I learned about the TinyGawant antenna on the SOTA Reflector, in a discussion about antennas for the QMX QRP transceiver.
Read more about the origin of this antenna in this pdf document.
It uses the same principle as a "Fuchs antenna", but the resonant half-wave radiator is replaced by ... a short whip of only 1.2m! One can not expect a big performance of such a small antenna, but my curiosity made me look for some parts in my junkbox and build one anyway ... it never hurts to try, right?
N6ARA makes available a kit with a 3D-printed box (see here), but shipping it to Europe would be very expensive.

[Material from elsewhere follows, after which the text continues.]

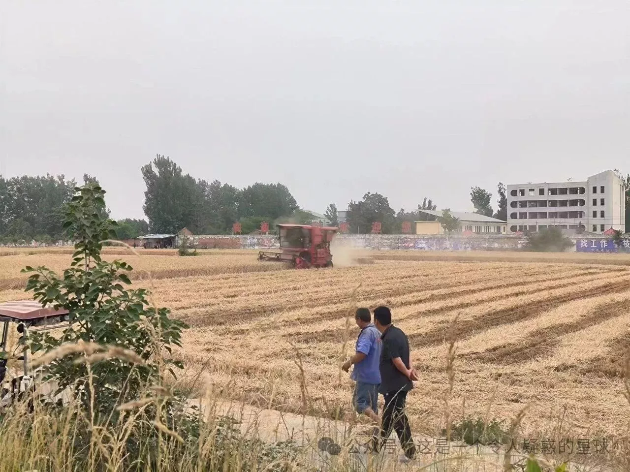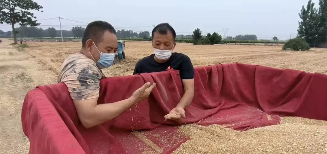 图为小麦收割后,我爸和叔伯在观察麦粒情况

Luckily, there is a nice construction manual here , it has all the info you need.
I made a box out of pieces of PCB, and after measuring, drilling, filing ... the PCB parts were ready:
After mounting most of the components, this was the intermediate result ...
The final stage was soldering it all toghether, mounting the T50-6 coil, and the resistive SWR bridge.

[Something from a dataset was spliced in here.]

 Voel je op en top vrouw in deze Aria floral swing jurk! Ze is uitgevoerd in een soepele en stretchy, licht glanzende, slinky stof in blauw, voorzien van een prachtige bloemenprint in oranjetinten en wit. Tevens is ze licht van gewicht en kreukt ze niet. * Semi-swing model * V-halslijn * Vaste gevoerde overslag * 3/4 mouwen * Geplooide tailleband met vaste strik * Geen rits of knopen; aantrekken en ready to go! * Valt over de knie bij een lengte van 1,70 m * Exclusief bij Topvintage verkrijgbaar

A back cover was made from clear plexiglass, since people will ask me over and over again "can you open the box to see what's inside? Nooooo, just look through the window! ;-)
My polyvaricon has a maximum capacity of 285 pF, so the high and low ranges would overlap.
I increased the total number of turns to 28, keeping the tap at 12 turns.
This gives a tuning range from 60m up to 10m, in two ranges. The 20m band can be tuned in the LOW and in the HIGH range.
I first did a test as a receive antenna on a Kenwood THF7E, and must say it is a nice small receive antenna. The tuned network acts as a bandpass filter in front of the receiver, which will never hurt.
Switching in the tuning network gives a 6 dB attenuation, which is useful on the low bands (60/40m) in the evening.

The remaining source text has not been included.